Anomaly Detection on Failed Request Rate Increase: Examining Different Scenarios

In this scenario, 3 different situations will be analyzed. What they all have in common is that the number of erroneous requests will increase by a certain amount compared to the last check.

Scenario A: A 50% increase in the number of failed requests to a specific Api Proxy in the last 1 hour compared to the previous control will be considered an anomaly for us.

Scenario B: An increase of 50% in the ratio of all requests to failed requests to a specific Api Proxy in the last 1 hour compared to the previous check will be considered an anomaly for us.

Scenario C: A continuous 50% increase in the number of failed requests to a specific Api Proxy in the last 1 hour compared to the previous check, but this will be considered normal for various reasons, if it exceeds this increase, this will be considered an anomaly for us. There will be an anomaly check that will track the increase and normalize it, and report the checks that do not match this increase.

To think with example values, each scenario will check for the following cases (Failed/Total ratio in parentheses);

Scenario A: If a total of 100 requests are received in the first control hour and 10 of them are erroneous (10%), 15 or more of the 100 requests received in the next hour are erroneous (15%).

If a total of 100 requests are received in the first control hour and 10 of them are incorrect (10%), 15 or more of the 200 requests received in the next hour are incorrect (7.5%). It should be noted that in this scenario, the amount of errors has increased, but the error rate has decreased compared to the total number of requests.

~~If a total of 100 requests are received in the first hour and 10 of them are faulty (10%), the next hour 2 or more of the 10 requests are faulty (20%).~~This is not considered a failure in this scenario

~~If a total of 100 requests came in during the first check hour and 10 of them were incorrect (10%), then the next hour all 5 requests came in incorrectly (100%).~~This is not considered a failure in this scenario.

Scenario B: If a total of 100 requests are received in the first control hour and 10 of them are incorrect (10%), 15 or more of the 100 requests received in the next hour are incorrect (15%).

If a total of 100 requests are received in the first control hour and 10 of them are incorrect (10%), 30 or more of the 200 requests received in the next hour are incorrect (15%).

If a total of 100 requests are received in the first control hour and 10 of them are incorrect (10%), 2 or more of the 10 requests received in the next hour are incorrect (20%). It should be noted that in this scenario, the amount of errors has decreased, but the error rate has increased according to the total number of requests.

If a total of 100 requests are received in the first control hour and 10 of them are incorrect (10%), all 5 requests received in the next hour are incorrect (100%). It should be noted that in this scenario, the amount of errors has decreased, but the error rate has increased relative to the total number of requests.

~~If a total of 100 requests are received in the first control hour and 10 of them are faulty (10%), then 20 or more of the 200 requests received in the next hour are faulty (10%).~~ This is not considered a failure in this scenario because the amount of errors has increased, but the error rate relative to the total number of requests has not changed.

Scenario C: If a total of 100 requests are received in the first control hour and 10 of them are faulty (10%), 15 out of 100 requests received in the next hour (15%), 23 out of 100 requests received in the next hour (23%), 34 out of 1000 requests received in the next hour (3.4%) and above are faulty.

Scenario A

In this scenario, only failed requests are filtered and failed requests in the last 1 hour are analyzed. If the proportion of total failed requests in the previous hour is 50% or more, this is considered an anomaly.

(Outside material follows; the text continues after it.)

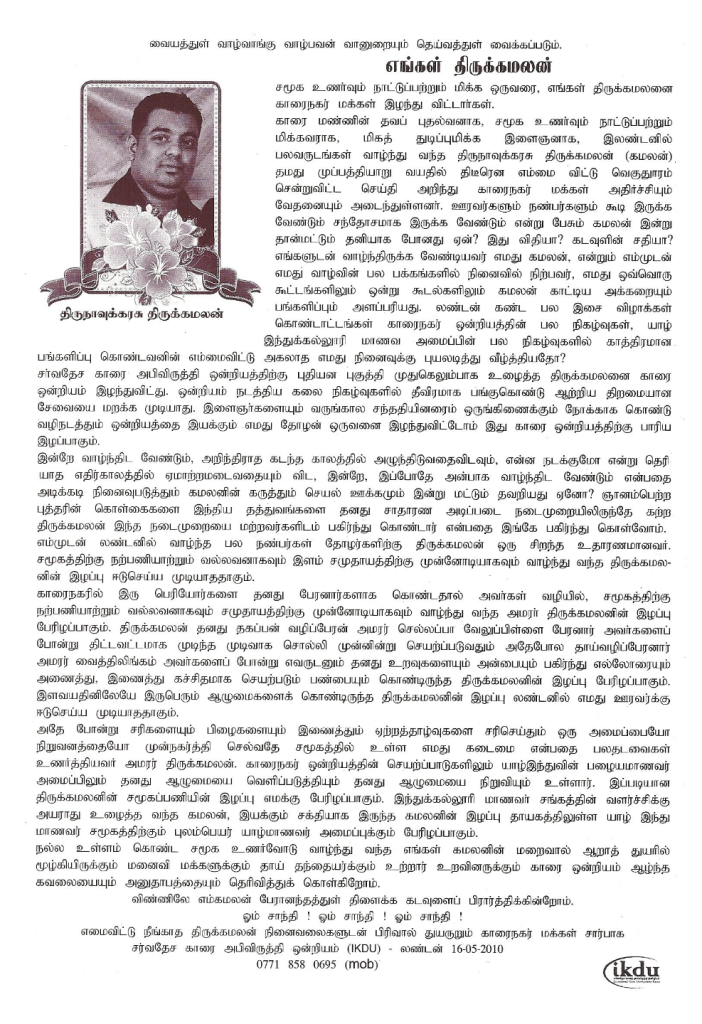 அனுப்பி வைத்துள்ள திருநாவுக்கரசு திருக்கமலன் அவர்களது மறைவு
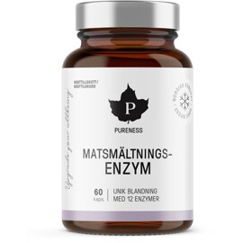 Det finns olika sorters matsmältningsenzymer, och Pureness enzympreparat innehåller ett antal noggrant utvalda enzymstammar. Tekniken som använts gör det också möjligt för enzymerna att behålla sin funktion i en mycket sur miljö och även i en mycket alkalisk miljö. Använd tillsammans med Pureness Betain HCl + Pepsin kapslar för extra effekt!

As shown in the image below, it is not the number of requests that is important, but the number of failed requests in the previous case. If 50% or more of this number of failed requests are received, an anomaly will occur.

Warning : Please disregard the hours in the image, it is added for example purposes only.

Scenario B

Warning : Please disregard the hours in the image, it is added for example purposes only.

Objective: To measure the increase in the error rate as a percentage compared to the previous result.

In the first 100 requests, 10 of them are incorrect. Error rate = 10/100 = 0.10

In the second 100 requests, 15 are faulty. Error rate = 15/100 = 0.15

After calculating the ratio of all requests to failed requests, an anomaly occurs when there is a 50% increase compared to the previous case.

Scenario C

The number of blocked requests in the last 1 minute is compared to the EMA value calculated based on the last 10 data points and if it is equal to or higher than the upper Bollinger band, this is detected as an anomaly, the standard deviation multiplier sensitivity is set to 2.0.

Green line (Metric Value): Indicates the number of blocked requests.
Red line (EMA Lower Value): Represents the calculated lower Exponential Moving Average (EMA) value.
Black line (EMA Value): Shows the current value of the EMA.
Blue line (EMA Upper Value): Represents the calculated upper EMA value.

According to the conditions, when the number of requests exceeds the upper Bollinger band (i.e. the blue line) in a certain time frame, this is considered an anomaly.